Klasifikasi Pola Kain Jacquard

Sep 12, 2025

Tinggalkan pesan

Kain Jacquard adalah produk tekstil yang menciptakan pola atau desain tertentu pada permukaan kain melalui proses jacquard. Prinsip intinya adalah menggunakan mesin jacquard (seperti mesin jacquard rapier atau mesin jacquard elektronik) untuk mengontrol naik turunnya benang lusi atau benang pakan, menyebabkan benang pada posisi berbeda saling menjalin dan membentuk pola tiga-dimensi dengan tekstur timbul dan tersembunyi.

 

Klasifikasi berdasarkan Pola: Jacquard Besar: Kain jacquard besar, juga dikenal sebagai kain-pola besar, adalah struktur bermotif-berskala besar yang ditenun pada mesin jacquard. Jumlah benang lusi dalam struktur pola lengkap berkisar antara beberapa ratus hingga beberapa ribu.

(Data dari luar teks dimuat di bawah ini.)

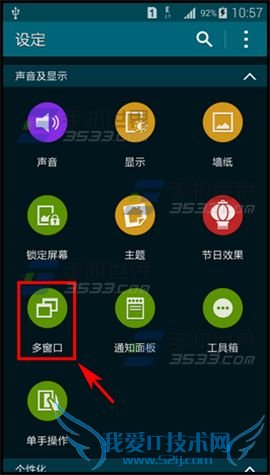 1)打开三星S6的【设定】,选择【声音及显示】栏的【多窗口】,打开上方【多窗口】选项开关;(如下图)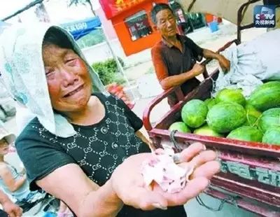 河南郑州卖瓜老两口收百元假钞,含泪撕碎,不愿假币再害人。 ▼

Jacquard besar sering kali menggunakan satu tenunan sebagai alasnya (ground weave), sedangkan tenunan lain atau beberapa tenunan berbeda digunakan untuk menampilkan polanya, seperti tenunan polos atau tenunan satin. Terkadang, benang lusi dan benang pakan dengan warna berbeda dapat digunakan untuk membuat pola besar berwarna-warni. Jenis serat, jumlah benang, dan kepadatan lungsin dan pakan yang berbeda juga dapat digunakan untuk membuat kain jacquard dengan berbagai gaya. Pola jacquard besar mencakup bunga, naga dan burung phoenix, hewan, pemandangan alam, dan gambar. Pola yang sama dapat muncul sebagai satu bunga, dua bunga, empat bunga, atau lebih di seluruh lebar kain. Itu ditenun pada alat tenun jacquard dengan pengulangan lusi mulai dari ratusan hingga lebih dari seribu. Polanya besar dan indah, dengan lapisan warna berbeda dan efek tiga dimensi yang kuat.

 

Jacquard kecil: Jacquard kecil adalah struktur tenunan yang digunakan pada kain tenun. Ini sering digunakan untuk kain tipis, sehingga menghasilkan tampilan yang rapat dan halus dengan pola yang tidak terlalu menonjol dan khas. Jacquard kecil diperoleh dengan menggunakan alat tenun multi-lengan, melalui variasi pada dua atau lebih tenunan kain, untuk menciptakan berbagai pola kecil pada permukaan kain. Misalnya, berbagai pola kecil dengan warna yang sama atau berbeda dengan tenunan dasar dapat ditempatkan di atas tanah polos atau kepar. Pola-pola kecil dibentuk oleh titik-titik tenunan yang relatif terkonsentrasi atau oleh pelampung lungsin dan pakan. Jenis pola meliputi pola linier, bergaris, kotak-kotak, dan tersebar. Kain jacquard kecil memiliki tampilan yang rapat dan halus dengan pola yang tidak terlalu menonjol dan berlebihan, dan sering digunakan untuk kain tipis, dengan penerapan yang semakin luas.